Delen via


New-AzAutomationAccount

Hiermee maakt u een Automation-account.

Syntaxis

New-AzAutomationAccount
   [-ResourceGroupName] <String>
   [-Name] <String>
   [-Location] <String>
   [-Plan <String>]
   [-Tags <IDictionary>]
   [-AssignSystemIdentity]
   [-AssignUserIdentity <String[]>]
   [-AutomationServicesEncryption]
   [-DisablePublicNetworkAccess]
   [-DefaultProfile <IAzureContextContainer>]
   [<CommonParameters>]
New-AzAutomationAccount
   [-ResourceGroupName] <String>
   [-Name] <String>
   [-Location] <String>
   [-Plan <String>]
   [-Tags <IDictionary>]
   [-AssignSystemIdentity]
   [-AssignUserIdentity <String[]>]
   [-KeyVaultEncryption]
   -KeyName <String>
   -KeyVersion <String>
   -KeyVaultUri <String>
   [-UserIdentityEncryption <String>]
   [-DisablePublicNetworkAccess]
   [-DefaultProfile <IAzureContextContainer>]
   [<CommonParameters>]

Description

Met de cmdlet New-AzAutomationAccount maakt u een Azure Automation-account in een resourcegroep. Een Automation-account is een container voor Automation-resources die zijn geïsoleerd van de resources van andere Automation-accounts.

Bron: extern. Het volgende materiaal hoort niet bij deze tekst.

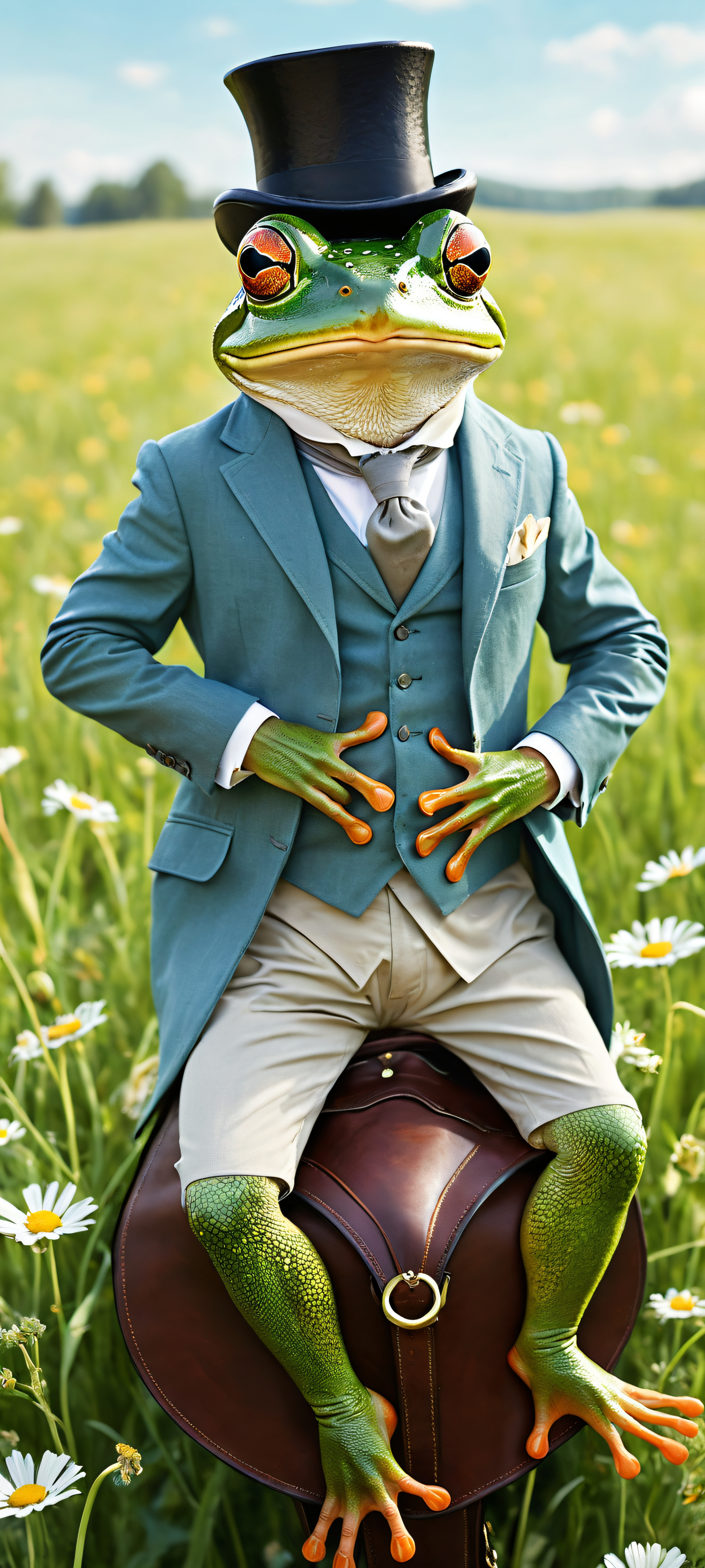 A breathtaking vertical portrait artwork of A whimsical frog in a tailored suit riding a huge mouse with a leather saddle, holding a black top hat in one hand, placed in the lower-middle with insane micro-details., A meadow background with soft wildflowers and green grass, perfectly clean and empty top half with vast pure void, Award-winning digital art, pristine clarity, fine brush textures, and delicate paper grain, reminiscent of classic watercolor illustrations, Ethereal daylight with gentle warmth and radiant highlights, ray traced reflections on the mouse’s leather saddle and the frog’s tailored suit, Soft pastel palette with dominant colors of light blue, pale yellow, and creamy white, evoking a sense of playful storybook whimsy, ethereal lighting, radiant, brilliant colors, ray traced reflections, pristine clarity, portrait composition, centered subject in the lower middle, perfectly clean and smooth top half for UI, extreme depth of field blurred background, highly textured surfaces, intricate micro-details, physically based rendering, award-winning digital art, epic breathtaking scale, stunning visual impact, perfect composition, macOS wallpaper aesthetic, masterpiece, 2K QHD resolution, 9:20 aspect ratio.

Automatiseringsbronnen omvatten runbooks, DSC-configuraties (Desired State Configuration), taken en assets.

Voorbeelden

Voorbeeld 1: Een Automation-account maken

New-AzAutomationAccount -Name "ContosoAutomationAccount" -Location "East US" -ResourceGroupName "ResourceGroup01"

Met deze opdracht maakt u een nieuw Automation-account met de naam ContosoAutomationAccount in de regio VS - oost.

Voorbeeld 2

Hiermee maakt u een Automation-account. (automatisch gegenereerd)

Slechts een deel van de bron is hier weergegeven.